*** Exercise material

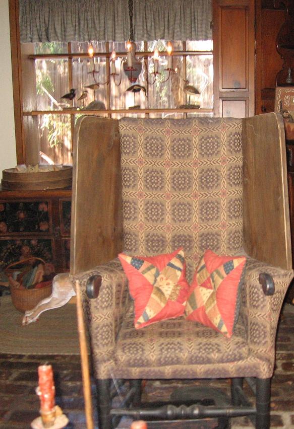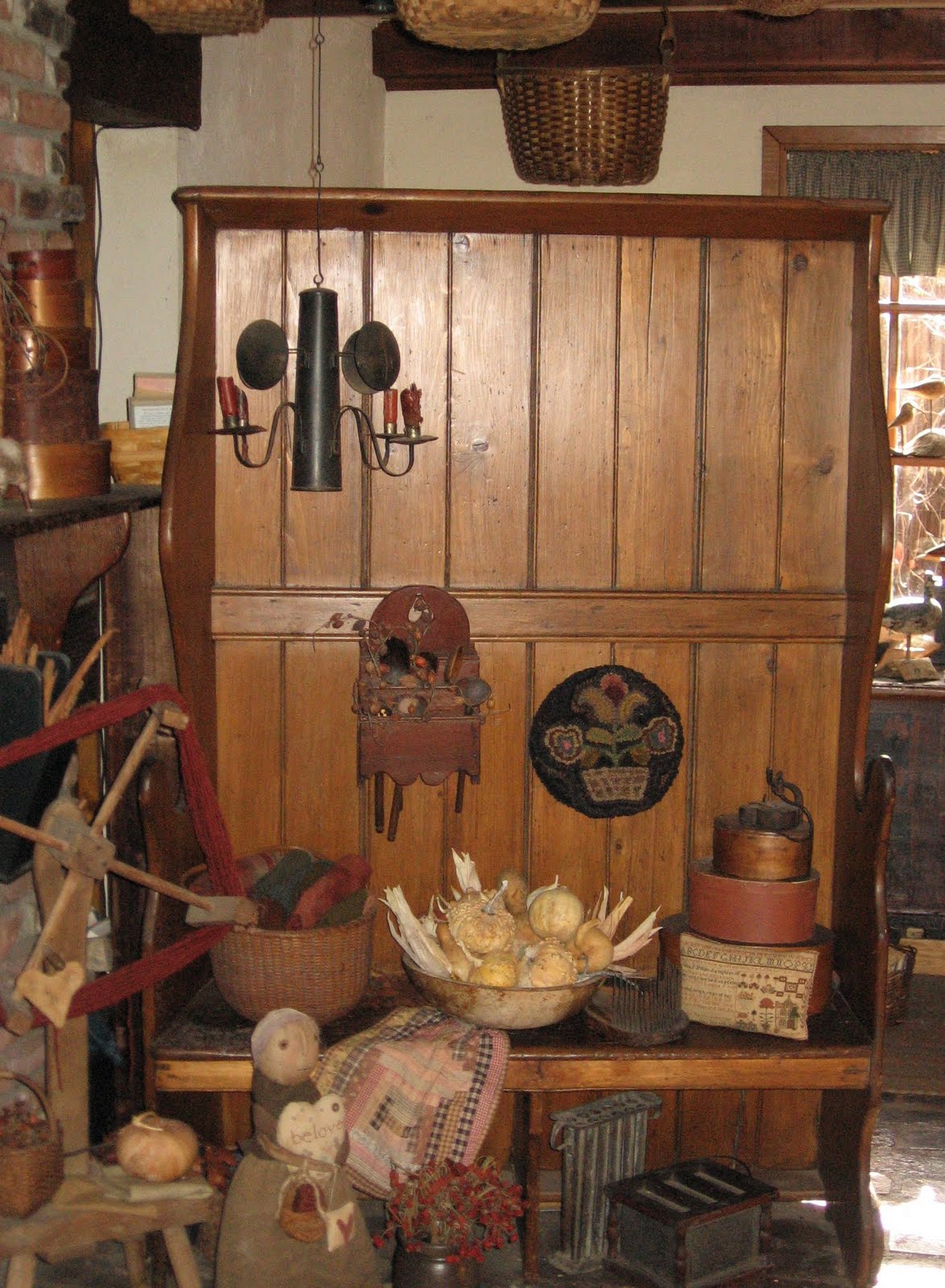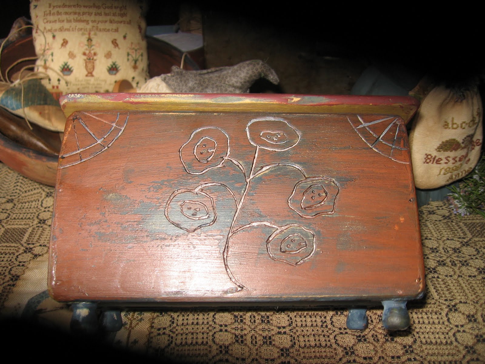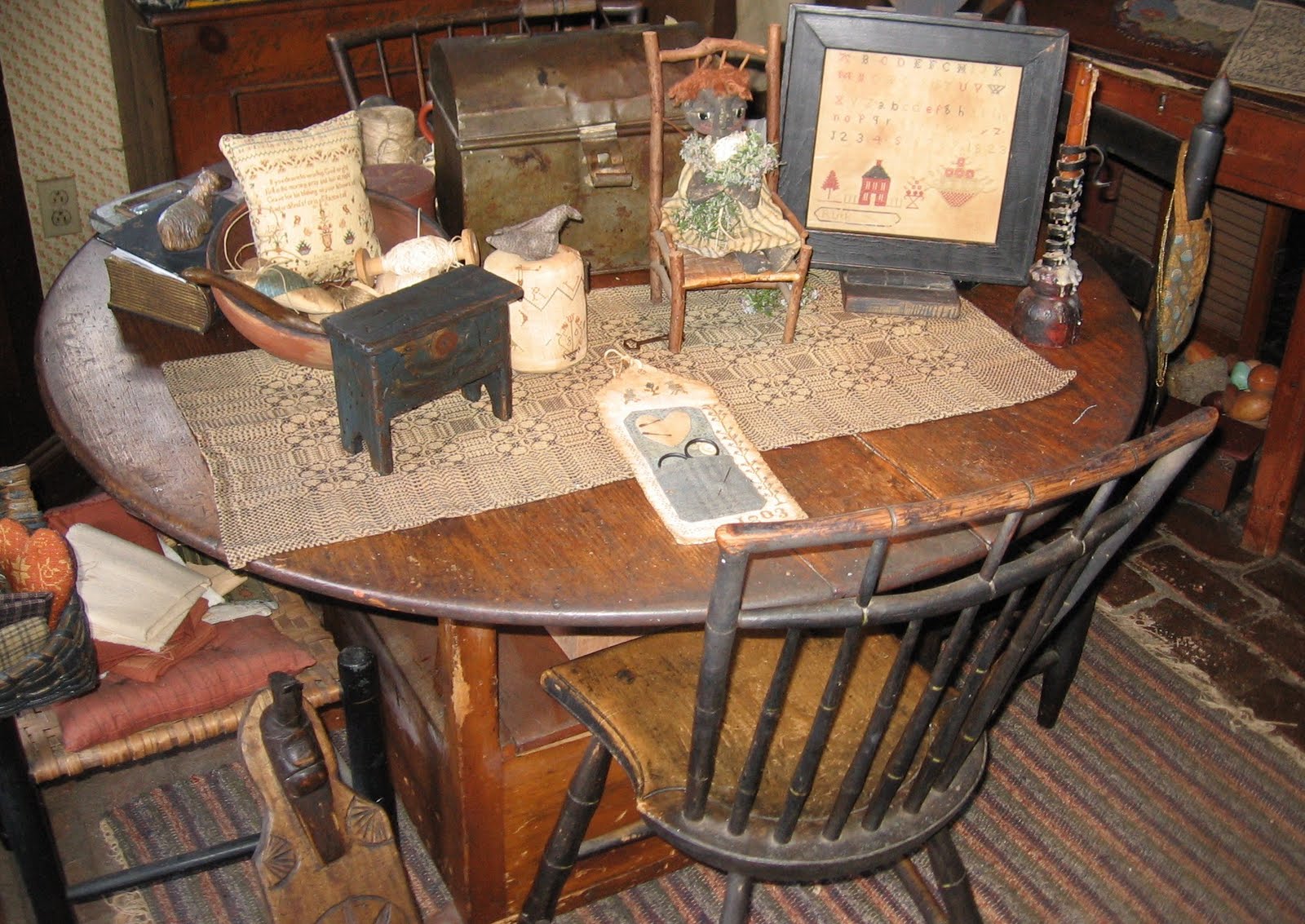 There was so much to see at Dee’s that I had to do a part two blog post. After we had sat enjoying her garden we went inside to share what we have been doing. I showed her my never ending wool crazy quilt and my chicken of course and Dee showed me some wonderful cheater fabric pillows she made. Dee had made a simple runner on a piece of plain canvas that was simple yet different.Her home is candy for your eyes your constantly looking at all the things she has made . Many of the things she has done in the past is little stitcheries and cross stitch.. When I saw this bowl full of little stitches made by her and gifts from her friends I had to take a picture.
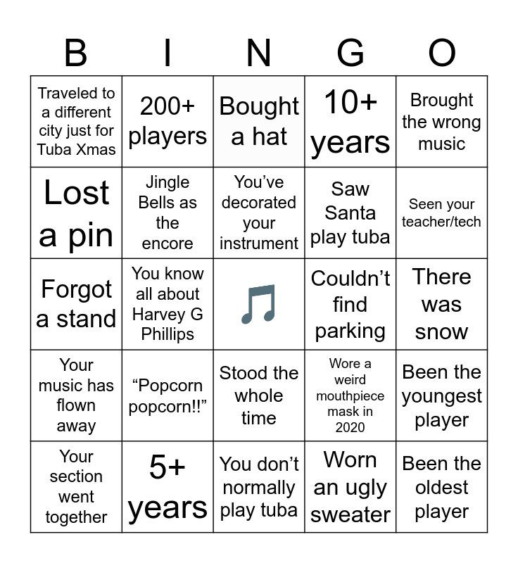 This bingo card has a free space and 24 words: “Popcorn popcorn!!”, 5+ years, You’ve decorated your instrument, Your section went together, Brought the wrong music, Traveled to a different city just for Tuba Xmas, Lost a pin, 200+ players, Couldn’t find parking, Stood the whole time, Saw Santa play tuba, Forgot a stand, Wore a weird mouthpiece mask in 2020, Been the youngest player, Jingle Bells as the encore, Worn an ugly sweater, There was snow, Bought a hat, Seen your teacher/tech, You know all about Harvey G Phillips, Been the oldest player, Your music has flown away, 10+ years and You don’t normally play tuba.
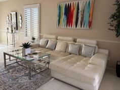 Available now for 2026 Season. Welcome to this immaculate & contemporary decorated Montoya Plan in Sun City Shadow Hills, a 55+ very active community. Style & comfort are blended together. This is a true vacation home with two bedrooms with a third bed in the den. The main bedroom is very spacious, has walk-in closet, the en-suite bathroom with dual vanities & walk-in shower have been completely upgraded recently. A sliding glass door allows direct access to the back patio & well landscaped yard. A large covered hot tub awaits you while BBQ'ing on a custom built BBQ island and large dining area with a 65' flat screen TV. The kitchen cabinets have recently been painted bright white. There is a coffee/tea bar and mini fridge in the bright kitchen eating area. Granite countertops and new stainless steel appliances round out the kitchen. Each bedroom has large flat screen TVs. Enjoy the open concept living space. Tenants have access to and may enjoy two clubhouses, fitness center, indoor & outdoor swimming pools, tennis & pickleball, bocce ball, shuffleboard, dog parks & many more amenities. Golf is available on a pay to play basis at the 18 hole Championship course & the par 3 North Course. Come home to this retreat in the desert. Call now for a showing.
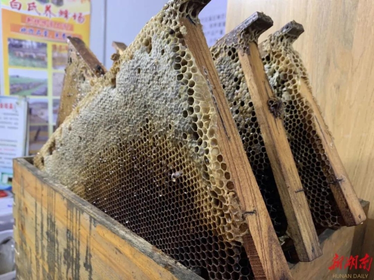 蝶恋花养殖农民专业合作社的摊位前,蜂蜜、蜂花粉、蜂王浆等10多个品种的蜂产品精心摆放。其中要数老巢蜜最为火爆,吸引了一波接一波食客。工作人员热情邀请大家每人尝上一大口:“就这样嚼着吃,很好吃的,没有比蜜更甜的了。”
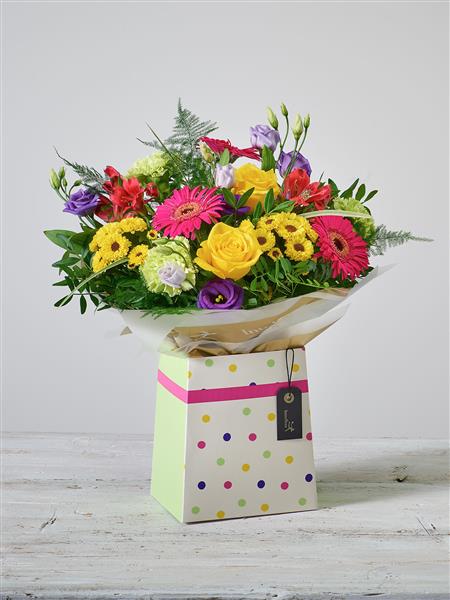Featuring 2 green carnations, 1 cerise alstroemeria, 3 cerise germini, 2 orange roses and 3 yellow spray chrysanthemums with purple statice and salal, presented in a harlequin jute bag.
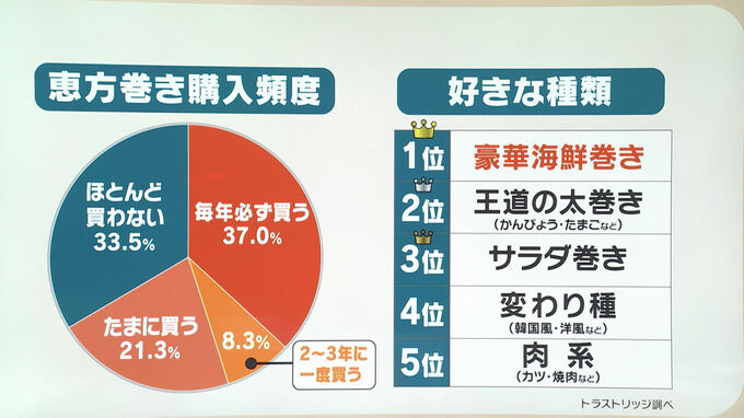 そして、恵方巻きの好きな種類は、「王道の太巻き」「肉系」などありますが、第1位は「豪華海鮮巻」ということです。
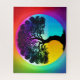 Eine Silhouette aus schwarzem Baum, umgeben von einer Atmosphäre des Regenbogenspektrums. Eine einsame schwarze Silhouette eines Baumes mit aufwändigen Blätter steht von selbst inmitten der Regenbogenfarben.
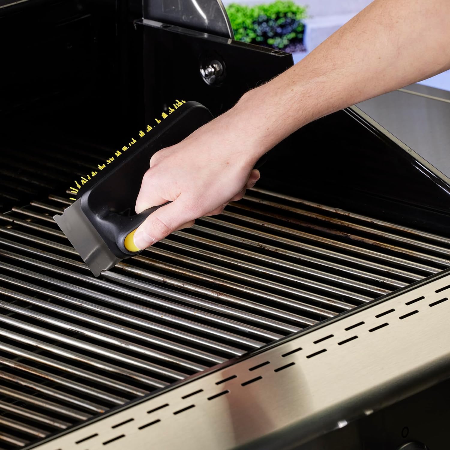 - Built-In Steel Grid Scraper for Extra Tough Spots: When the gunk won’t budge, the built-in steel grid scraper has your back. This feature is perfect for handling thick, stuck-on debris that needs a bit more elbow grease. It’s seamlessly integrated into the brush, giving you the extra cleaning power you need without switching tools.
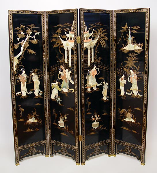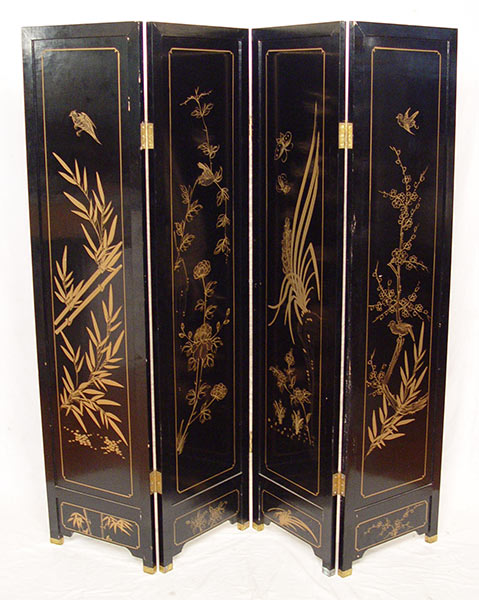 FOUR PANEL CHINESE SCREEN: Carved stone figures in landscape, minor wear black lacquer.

******

### What to produce
Your answer must be the entries written out word for word, without their pictures.

### Your solution
 There was so much to see at Dee’s that I had to do a part two blog post. After we had sat enjoying her garden we went inside to share what we have been doing. I showed her my never ending wool crazy quilt and my chicken of course and Dee showed me some wonderful cheater fabric pillows she made. Dee had made a simple runner on a piece of plain canvas that was simple yet different.Her home is candy for your eyes your constantly looking at all the things she has made . Many of the things she has done in the past is little stitcheries and cross stitch.. When I saw this bowl full of little stitches made by her and gifts from her friends I had to take a picture.
 This bingo card has a free space and 24 words: “Popcorn popcorn!!”, 5+ years, You’ve decorated your instrument, Your section went together, Brought the wrong music, Traveled to a different city just for Tuba Xmas, Lost a pin, 200+ players, Couldn’t find parking, Stood the whole time, Saw Santa play tuba, Forgot a stand, Wore a weird mouthpiece mask in 2020, Been the youngest player, Jingle Bells as the encore, Worn an ugly sweater, There was snow, Bought a hat, Seen your teacher/tech, You know all about Harvey G Phillips, Been the oldest player, Your music has flown away, 10+ years and You don’t normally play tuba.
 Available now for 2026 Season. Welcome to this immaculate & contemporary decorated Montoya Plan in Sun City Shadow Hills, a 55+ very active community. Style & comfort are blended together. This is a true vacation home with two bedrooms with a third bed in the den. The main bedroom is very spacious, has walk-in closet, the en-suite bathroom with dual vanities & walk-in shower have been completely upgraded recently. A sliding glass door allows direct access to the back patio & well landscaped yard. A large covered hot tub awaits you while BBQ'ing on a custom built BBQ island and large dining area with a 65' flat screen TV. The kitchen cabinets have recently been painted bright white. There is a coffee/tea bar and mini fridge in the bright kitchen eating area. Granite countertops and new stainless steel appliances round out the kitchen. Each bedroom has large flat screen TVs. Enjoy the open concept living space. Tenants have access to and may enjoy two clubhouses, fitness center, indoor & outdoor swimming pools, tennis & pickleball, bocce ball, shuffleboard, dog parks & many more amenities. Golf is available on a pay to play basis at the 18 hole Championship course & the par 3 North Course. Come home to this retreat in the desert. Call now for a showing.
 蝶恋花养殖农民专业合作社的摊位前,蜂蜜、蜂花粉、蜂王浆等10多个品种的蜂产品精心摆放。其中要数老巢蜜最为火爆,吸引了一波接一波食客。工作人员热情邀请大家每人尝上一大口:“就这样嚼着吃,很好吃的,没有比蜜更甜的了。”
Featuring 2 green carnations, 1 cerise alstroemeria, 3 cerise germini, 2 orange roses and 3 yellow spray chrysanthemums with purple statice and salal, presented in a harlequin jute bag.
 そして、恵方巻きの好きな種類は、「王道の太巻き」「肉系」などありますが、第1位は「豪華海鮮巻」ということです。
 Eine Silhouette aus schwarzem Baum, umgeben von einer Atmosphäre des Regenbogenspektrums. Eine einsame schwarze Silhouette eines Baumes mit aufwändigen Blätter steht von selbst inmitten der Regenbogenfarben.
 - Built-In Steel Grid Scraper for Extra Tough Spots: When the gunk won’t budge, the built-in steel grid scraper has your back. This feature is perfect for handling thick, stuck-on debris that needs a bit more elbow grease. It’s seamlessly integrated into the brush, giving you the extra cleaning power you need without switching tools.
 FOUR PANEL CHINESE SCREEN: Carved stone figures in landscape, minor wear black lacquer.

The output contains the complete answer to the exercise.